# swell.gr:Renault Megane RS Cup Detail



## Swell.gr (May 7, 2008)

Hello guys.

It has been a while since my last post here so I thought I should show up with a nice car.

An almost brand new Renault Megane RS Cup edition was booked in for a Protection Session. Of course the paint was in mint condition so only cleanse and protection steps were followed.

First things first so I started with Clay. I used Race Glaze Poly Clay and CG Speed Wipe in 3:1 dilution. It gave a nice and smooth surface and ready for Race Glaze Signature Series Pre-Wax Cleaner which was used for paint's deep cleaning.

Then came the sealing step. Wax of choice was Race Glaze 55 in double coat with 1 hour curing time. Final touch was RG's QD, Race Glaze Clearmist Detailer.

All trims were treated with Race Glaze Rubber Dressing.

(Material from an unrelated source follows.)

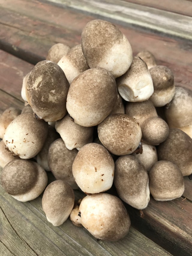 鳩の糞と組み合わせる有機肥料にキノコの廃菌床を使います。そこで、その相棒として東南アジアでよく食べられてる袋茸を栽培することにチャレンジしました。以前ベトナムで取れたての袋茸を食べて大変美味しく感動しましたのが理由です。ところが袋茸は採取してから2,3日後にすぐ収縮してダメになってしまい、市場にはほぼ加工品としてしか流通しない困り者。また、その難しい栽培方法から日本で栽培している農家さんもごく僅かです。これもまた、大変苦労のかかる食材を選んでしまったものです。いまだ完全な生産体制は取れてませんが、将来には通年でフレッシュな袋茸を皆さんに提供できると思います。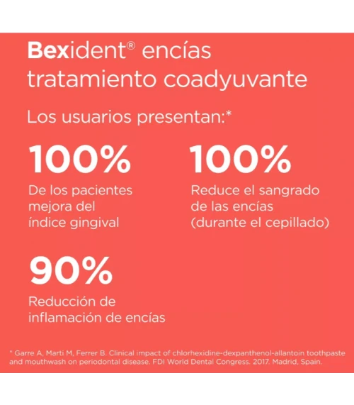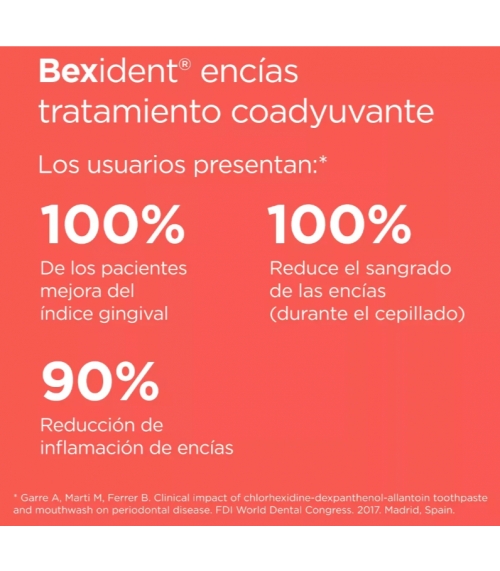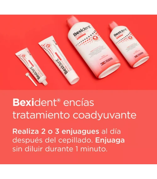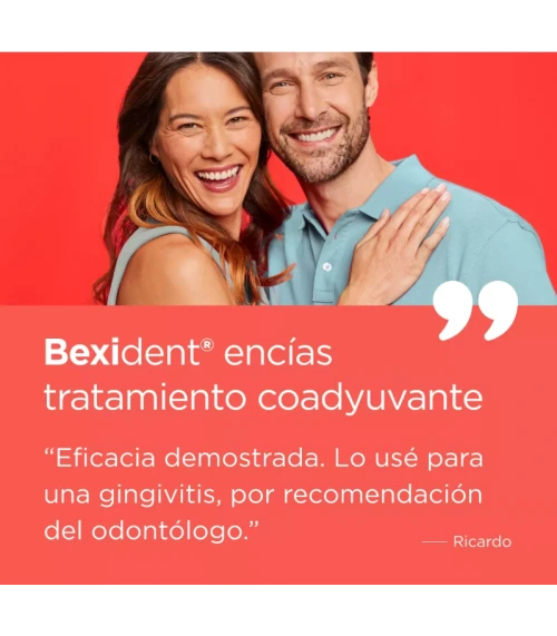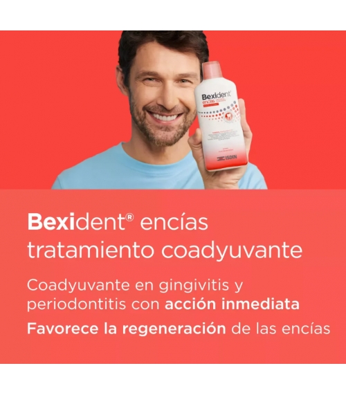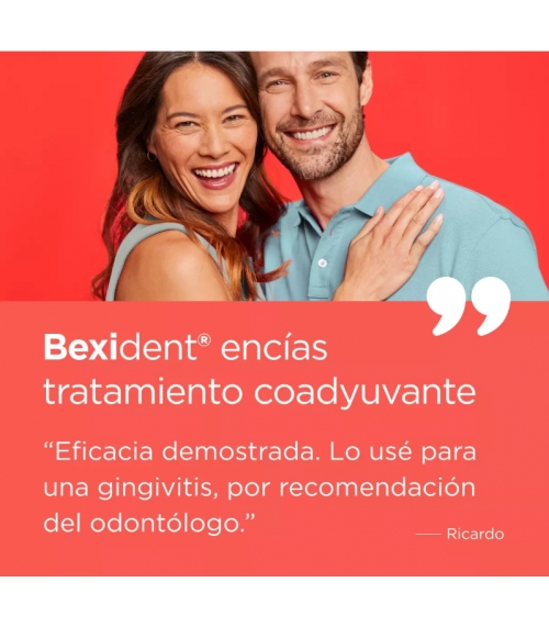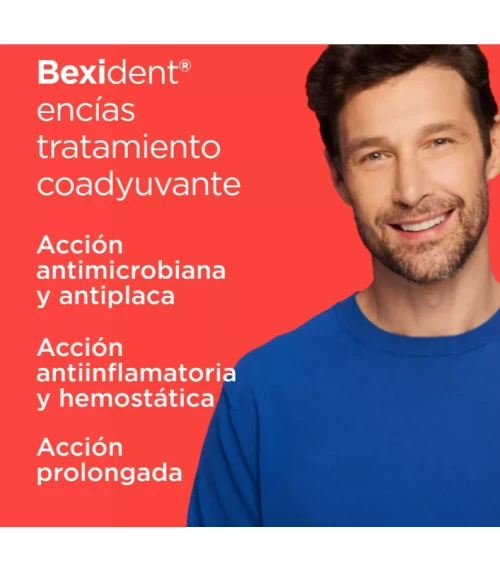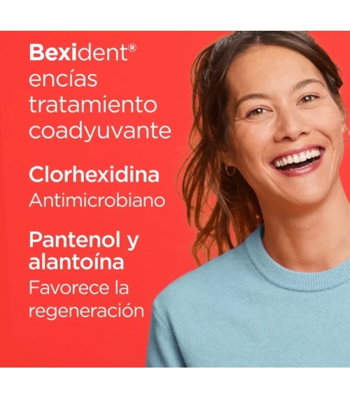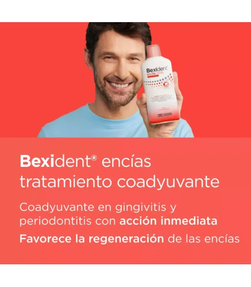 Bexident Encías Tratamiento Coadyuvante con clorhexidina es un colutorio mucoadhesivo con tecnología PerioPlus Treatment Tech que aporta acción microbiana y antiplaca de manera inmediata y ayuda a reducir el sangrado y la inflamación en la gingivitis y periodontitis mejorando la salud de las encías.

Results were fantastic and customer more than happy with his finished car. Following are some "after" pictures:















































































































































































































































































thanks


----------



## dmpoyz (Oct 10, 2010)

very nice job in a very nice car


----------



## markito (May 19, 2010)

Fantastic results mike!:argie::argie:
Very nice car!


----------



## North east Car Care (Jan 14, 2008)

Stunning finish Mike


----------



## boomboom (Sep 11, 2010)

:tumbleweed::tumbleweed:

amazing job dude..


----------



## tonyy (Jul 26, 2008)

Very nice..


----------



## prokopas (Apr 29, 2010)

Exceptional reflections and wetness. Nice work as always mike


----------



## UCD (Oct 27, 2010)

man, the car looks awesome!


----------



## stefstef (Mar 20, 2011)

Excellent job mike.
Your work is always perfect!


----------



## colarado red (Jun 5, 2008)

Stunning


----------



## Eurogloss (Jan 22, 2008)

Love these Meganes , I have one to do this Saturday and it's Silver !

Excellent job Mike:thumb:

Mario


----------